Notice that strings that start with delimiters will result in a uppercase letter at the beginning. If that is not what you would expect, you can always use lcfirst. Here's my lcfirst if you need it:

function lcfirst(str) {
    return str && str.charAt(0).toLowerCase() + str.substring(1);
}
网友答案:

Here is another option that combines a couple answers here and makes it method on a string:

if (typeof String.prototype.toCamel !== 'function') {
  String.prototype.toCamel = function(){
    return this.replace(/[-_]([a-z])/g, function (g) { return g[1].toUpperCase(); })
  };
}

Used like this:

'quick_brown'.toCamel(); // quickBrown
'quick-brown'.toCamel(); // quickBrown
网友答案:
# Turn the dash separated variable name into camelCase.
str = str.replace(/\b-([a-z])/g, function(all, char) { return char.toUpperCase() });
网友答案:

Another take.

Used when...

var string = "hyphen-delimited-to-camel-case"
or
var string = "snake_case_to_camel_case"


function toCamelCase( string ){
  return string.toLowerCase().replace(/(_|-)([a-z])/g, toUpperCase );
}

function toUpperCase( string ){
  return string[1].toUpperCase();
}

Output: hyphenDelimitedToCamelCase
网友答案:

is also possible use indexOf with recursion for that task.
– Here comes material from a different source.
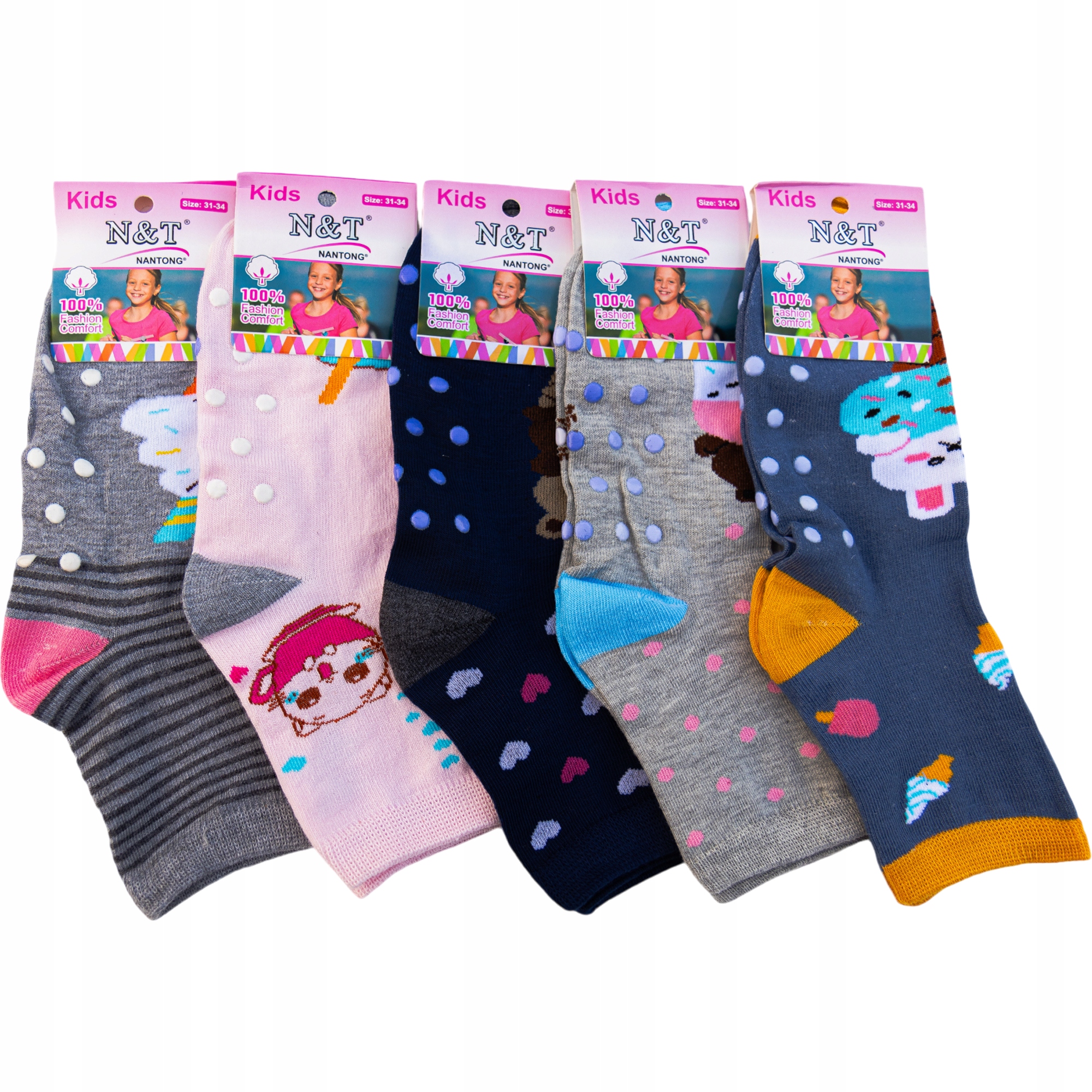 5x ДИТЯЧІ БАВОВНЯНІ ШКАПЕТКИ ПРОТИКЛИЗКІ, ABS, КОЛЬОРОВІ, 27-30

input some-foo_sd_dsd-weqe
output someFooSdDsdWeqe

comparison ::: measure execution time for two different scripts:

$ node camelCased.js
someFooSdDsdWeqe
test1: 2.986ms
someFooSdDsdWeqe
test2: 0.231ms

code:

console.time('test1');
function camelCased (str) {

        function check(symb){

            let idxOf = str.indexOf(symb);
            if (idxOf === -1) {
                return str;
            }

            let letter = str[idxOf+1].toUpperCase();
            str = str.replace(str.substring(idxOf+1,idxOf+2), '');
            str = str.split(symb).join(idxOf !== -1 ? letter : '');

            return camelCased(str);
        }       

        return check('_') && check('-');

    }

console.log(camelCased ('some-foo_sd_dsd-weqe'));
console.timeEnd('test1');



console.time('test2');

    function camelCased (myString){
     return myString.replace(/(-|\_)([a-z])/g, function (g) { return  g[1].toUpperCase(); });
   }


console.log(camelCased ('some-foo_sd_dsd-weqe'));
console.timeEnd('test2');
网友答案:

I don't see the point IMHO: The use of camelCase vs hyphen seperated identifiers is over debated I know, but I would like to share a recent observation: When editing the identifier in a text editor, it is easier to edit a hyphen separated identifier as apposed to camelCase.

Reason?

A double click on "first" in "first-name" selects only the first in the event that you may wish to refactor it to "last-name" this ensures that only the part that is relevant will be changed.

Using camelCase would require a full word edit in the case of lastDayOfMonth when instead you could just change it (if using hyphen) by double-clicking the "first" in "first-day-of-month" and changing it to "last" to get "last-day-of-month". It's a matter of taste of course, but notice that you provided for easier editing of code for perhaps others.

Secondly it's a habit that pays off when it comes to naming files that may get displayed in urls. I prefer to read hyphen separated file names in a url.